# What to work on
When you return the lines below, go from the first through the line with "TGN 系列抬耙刮泥机用于污", keep them exact, and leave out every picture.

# Given information
****************
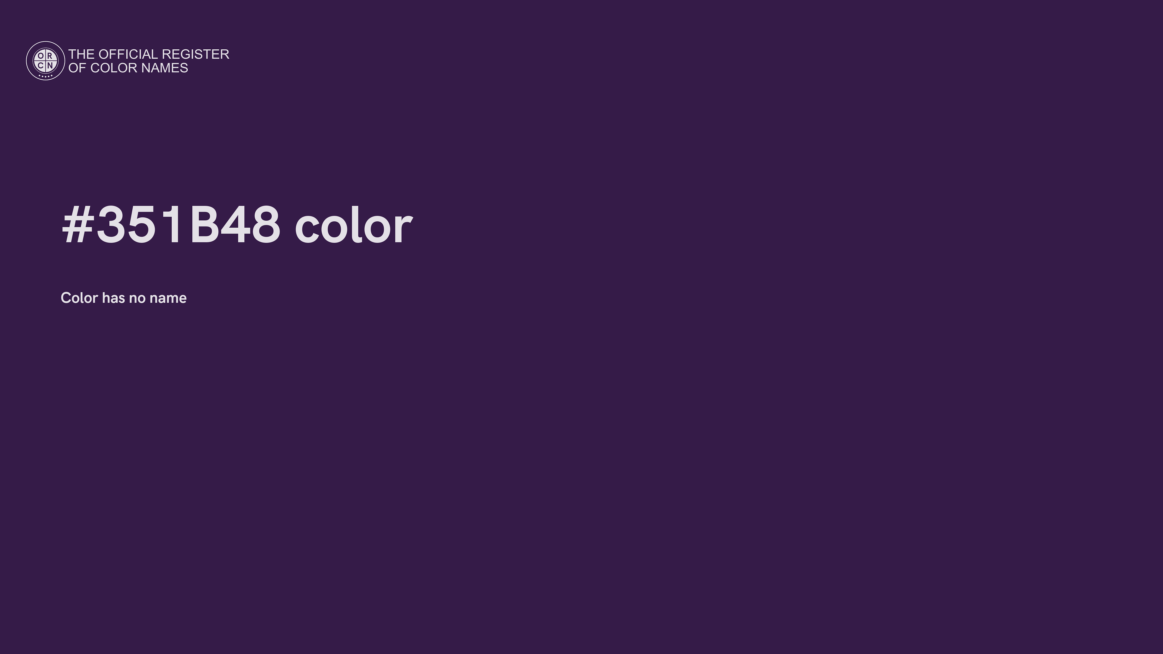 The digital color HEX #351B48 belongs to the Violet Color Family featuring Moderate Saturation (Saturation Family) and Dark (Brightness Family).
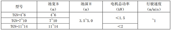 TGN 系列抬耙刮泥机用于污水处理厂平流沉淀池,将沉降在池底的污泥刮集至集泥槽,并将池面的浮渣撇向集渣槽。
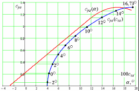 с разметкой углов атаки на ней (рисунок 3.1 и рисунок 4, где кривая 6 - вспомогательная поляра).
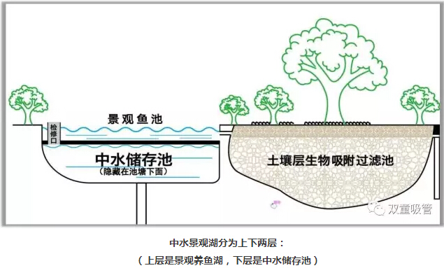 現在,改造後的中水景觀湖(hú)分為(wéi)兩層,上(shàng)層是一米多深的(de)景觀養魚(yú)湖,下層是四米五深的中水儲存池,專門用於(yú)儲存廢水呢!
****************
# Output for this task
 The digital color HEX #351B48 belongs to the Violet Color Family featuring Moderate Saturation (Saturation Family) and Dark (Brightness Family).
 TGN 系列抬耙刮泥机用于污水处理厂平流沉淀池,将沉降在池底的污泥刮集至集泥槽,并将池面的浮渣撇向集渣槽。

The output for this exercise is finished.